Activity =>
Images excluded, reproduce each line of the records exactly as it stands.

Items listed in a dataset:
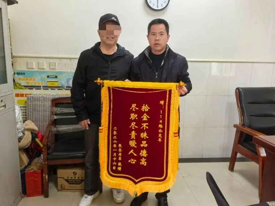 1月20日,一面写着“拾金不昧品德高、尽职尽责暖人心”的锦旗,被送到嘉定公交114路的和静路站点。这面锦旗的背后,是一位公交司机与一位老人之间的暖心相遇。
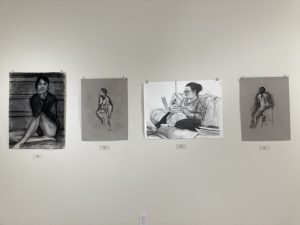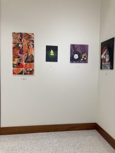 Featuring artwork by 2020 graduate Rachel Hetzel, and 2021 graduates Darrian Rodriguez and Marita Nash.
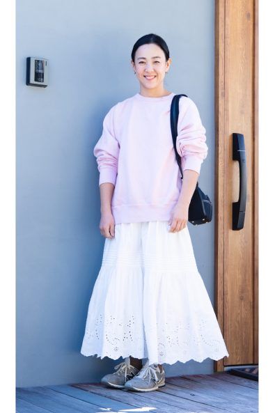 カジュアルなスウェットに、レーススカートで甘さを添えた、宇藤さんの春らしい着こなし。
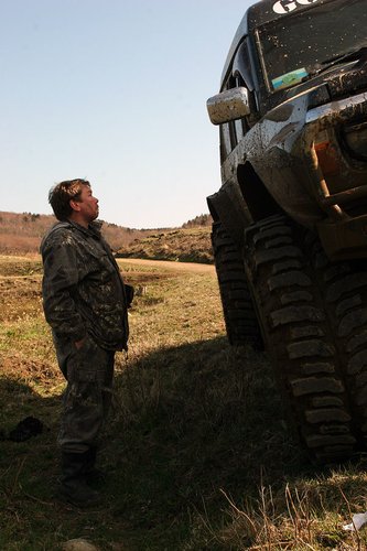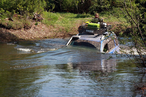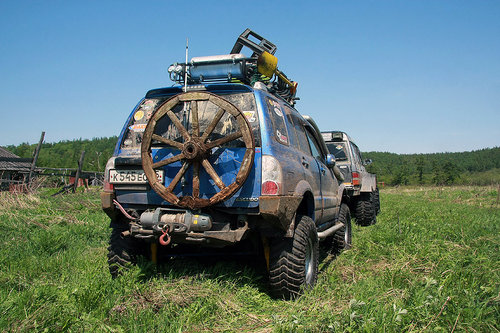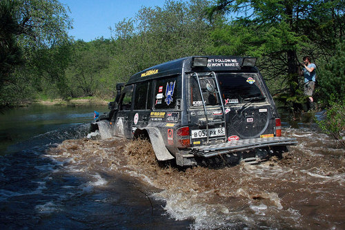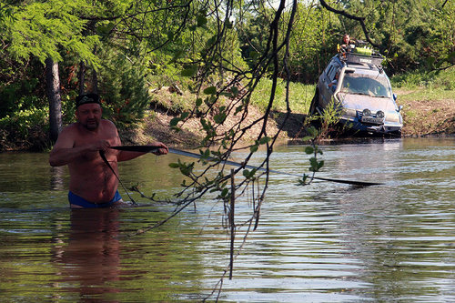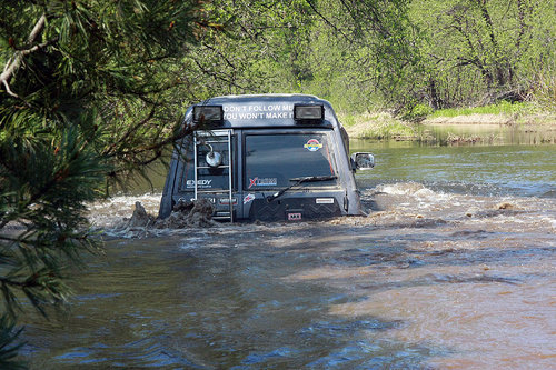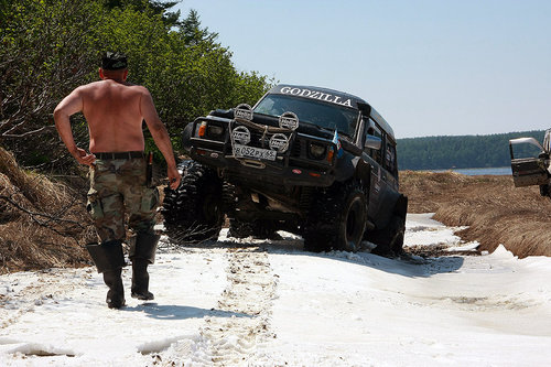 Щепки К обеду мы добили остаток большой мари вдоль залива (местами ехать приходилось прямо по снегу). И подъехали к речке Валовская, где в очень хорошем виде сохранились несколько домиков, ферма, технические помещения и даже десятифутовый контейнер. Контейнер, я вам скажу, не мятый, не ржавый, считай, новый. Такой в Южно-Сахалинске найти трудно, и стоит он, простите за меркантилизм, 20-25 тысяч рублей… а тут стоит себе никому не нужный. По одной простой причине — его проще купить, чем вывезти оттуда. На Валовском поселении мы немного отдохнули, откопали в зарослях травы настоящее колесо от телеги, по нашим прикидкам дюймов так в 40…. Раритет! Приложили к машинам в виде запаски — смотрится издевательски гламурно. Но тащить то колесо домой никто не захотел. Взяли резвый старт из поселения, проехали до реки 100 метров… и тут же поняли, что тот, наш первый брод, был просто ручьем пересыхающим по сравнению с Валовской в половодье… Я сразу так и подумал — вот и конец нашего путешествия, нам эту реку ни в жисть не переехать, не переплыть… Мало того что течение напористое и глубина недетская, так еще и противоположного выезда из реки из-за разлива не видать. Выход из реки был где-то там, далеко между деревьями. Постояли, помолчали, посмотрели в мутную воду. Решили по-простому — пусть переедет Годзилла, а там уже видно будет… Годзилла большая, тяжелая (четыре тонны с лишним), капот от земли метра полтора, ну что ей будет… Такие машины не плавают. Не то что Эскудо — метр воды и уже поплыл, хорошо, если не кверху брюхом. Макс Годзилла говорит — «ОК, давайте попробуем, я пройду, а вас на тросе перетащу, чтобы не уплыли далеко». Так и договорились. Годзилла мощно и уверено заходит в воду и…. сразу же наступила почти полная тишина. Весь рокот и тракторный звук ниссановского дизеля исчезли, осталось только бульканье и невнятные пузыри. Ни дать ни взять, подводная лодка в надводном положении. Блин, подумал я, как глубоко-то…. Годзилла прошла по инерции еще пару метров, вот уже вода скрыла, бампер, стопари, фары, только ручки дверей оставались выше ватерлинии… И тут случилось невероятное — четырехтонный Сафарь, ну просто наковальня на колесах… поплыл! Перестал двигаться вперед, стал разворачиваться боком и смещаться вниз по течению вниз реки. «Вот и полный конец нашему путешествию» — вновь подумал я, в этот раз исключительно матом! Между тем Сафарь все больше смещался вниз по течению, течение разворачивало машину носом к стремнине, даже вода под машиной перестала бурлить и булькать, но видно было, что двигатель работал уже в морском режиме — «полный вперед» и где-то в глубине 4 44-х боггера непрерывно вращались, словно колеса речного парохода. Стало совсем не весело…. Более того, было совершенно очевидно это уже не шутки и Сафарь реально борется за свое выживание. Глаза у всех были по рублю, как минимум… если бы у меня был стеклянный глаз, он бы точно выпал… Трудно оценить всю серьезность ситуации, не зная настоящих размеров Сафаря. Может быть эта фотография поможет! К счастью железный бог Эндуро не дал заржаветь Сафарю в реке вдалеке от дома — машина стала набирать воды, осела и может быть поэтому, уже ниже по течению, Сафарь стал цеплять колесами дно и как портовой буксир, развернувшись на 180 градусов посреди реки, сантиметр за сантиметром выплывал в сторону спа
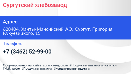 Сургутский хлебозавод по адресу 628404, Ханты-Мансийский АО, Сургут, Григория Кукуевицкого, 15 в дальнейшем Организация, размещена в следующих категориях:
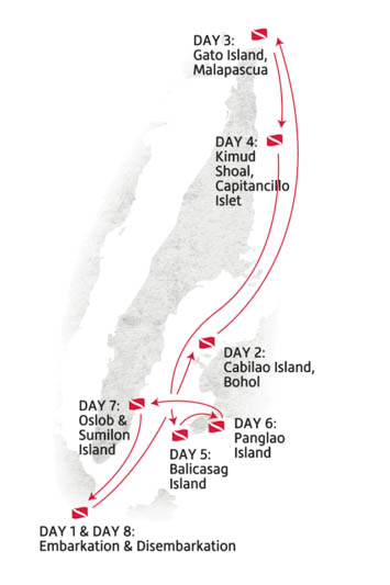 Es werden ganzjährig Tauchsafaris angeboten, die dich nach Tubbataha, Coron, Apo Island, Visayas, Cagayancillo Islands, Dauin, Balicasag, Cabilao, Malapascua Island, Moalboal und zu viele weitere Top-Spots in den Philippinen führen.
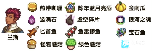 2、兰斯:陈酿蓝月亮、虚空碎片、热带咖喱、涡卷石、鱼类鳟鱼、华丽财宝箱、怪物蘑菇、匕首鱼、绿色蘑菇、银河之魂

Exercise output =>
 1月20日,一面写着“拾金不昧品德高、尽职尽责暖人心”的锦旗,被送到嘉定公交114路的和静路站点。这面锦旗的背后,是一位公交司机与一位老人之间的暖心相遇。
 Featuring artwork by 2020 graduate Rachel Hetzel, and 2021 graduates Darrian Rodriguez and Marita Nash.
 カジュアルなスウェットに、レーススカートで甘さを添えた、宇藤さんの春らしい着こなし。
 Щепки К обеду мы добили остаток большой мари вдоль залива (местами ехать приходилось прямо по снегу). И подъехали к речке Валовская, где в очень хорошем виде сохранились несколько домиков, ферма, технические помещения и даже десятифутовый контейнер. Контейнер, я вам скажу, не мятый, не ржавый, считай, новый. Такой в Южно-Сахалинске найти трудно, и стоит он, простите за меркантилизм, 20-25 тысяч рублей… а тут стоит себе никому не нужный. По одной простой причине — его проще купить, чем вывезти оттуда. На Валовском поселении мы немного отдохнули, откопали в зарослях травы настоящее колесо от телеги, по нашим прикидкам дюймов так в 40…. Раритет! Приложили к машинам в виде запаски — смотрится издевательски гламурно. Но тащить то колесо домой никто не захотел. Взяли резвый старт из поселения, проехали до реки 100 метров… и тут же поняли, что тот, наш первый брод, был просто ручьем пересыхающим по сравнению с Валовской в половодье… Я сразу так и подумал — вот и конец нашего путешествия, нам эту реку ни в жисть не переехать, не переплыть… Мало того что течение напористое и глубина недетская, так еще и противоположного выезда из реки из-за разлива не видать. Выход из реки был где-то там, далеко между деревьями. Постояли, помолчали, посмотрели в мутную воду. Решили по-простому — пусть переедет Годзилла, а там уже видно будет… Годзилла большая, тяжелая (четыре тонны с лишним), капот от земли метра полтора, ну что ей будет… Такие машины не плавают. Не то что Эскудо — метр воды и уже поплыл, хорошо, если не кверху брюхом. Макс Годзилла говорит — «ОК, давайте попробуем, я пройду, а вас на тросе перетащу, чтобы не уплыли далеко». Так и договорились. Годзилла мощно и уверено заходит в воду и…. сразу же наступила почти полная тишина. Весь рокот и тракторный звук ниссановского дизеля исчезли, осталось только бульканье и невнятные пузыри. Ни дать ни взять, подводная лодка в надводном положении. Блин, подумал я, как глубоко-то…. Годзилла прошла по инерции еще пару метров, вот уже вода скрыла, бампер, стопари, фары, только ручки дверей оставались выше ватерлинии… И тут случилось невероятное — четырехтонный Сафарь, ну просто наковальня на колесах… поплыл! Перестал двигаться вперед, стал разворачиваться боком и смещаться вниз по течению вниз реки. «Вот и полный конец нашему путешествию» — вновь подумал я, в этот раз исключительно матом! Между тем Сафарь все больше смещался вниз по течению, течение разворачивало машину носом к стремнине, даже вода под машиной перестала бурлить и булькать, но видно было, что двигатель работал уже в морском режиме — «полный вперед» и где-то в глубине 4 44-х боггера непрерывно вращались, словно колеса речного парохода. Стало совсем не весело…. Более того, было совершенно очевидно это уже не шутки и Сафарь реально борется за свое выживание. Глаза у всех были по рублю, как минимум… если бы у меня был стеклянный глаз, он бы точно выпал… Трудно оценить всю серьезность ситуации, не зная настоящих размеров Сафаря. Может быть эта фотография поможет! К счастью железный бог Эндуро не дал заржаветь Сафарю в реке вдалеке от дома — машина стала набирать воды, осела и может быть поэтому, уже ниже по течению, Сафарь стал цеплять колесами дно и как портовой буксир, развернувшись на 180 градусов посреди реки, сантиметр за сантиметром выплывал в сторону спа
 Сургутский хлебозавод по адресу 628404, Ханты-Мансийский АО, Сургут, Григория Кукуевицкого, 15 в дальнейшем Организация, размещена в следующих категориях:
 Es werden ganzjährig Tauchsafaris angeboten, die dich nach Tubbataha, Coron, Apo Island, Visayas, Cagayancillo Islands, Dauin, Balicasag, Cabilao, Malapascua Island, Moalboal und zu viele weitere Top-Spots in den Philippinen führen.
 2、兰斯:陈酿蓝月亮、虚空碎片、热带咖喱、涡卷石、鱼类鳟鱼、华丽财宝箱、怪物蘑菇、匕首鱼、绿色蘑菇、银河之魂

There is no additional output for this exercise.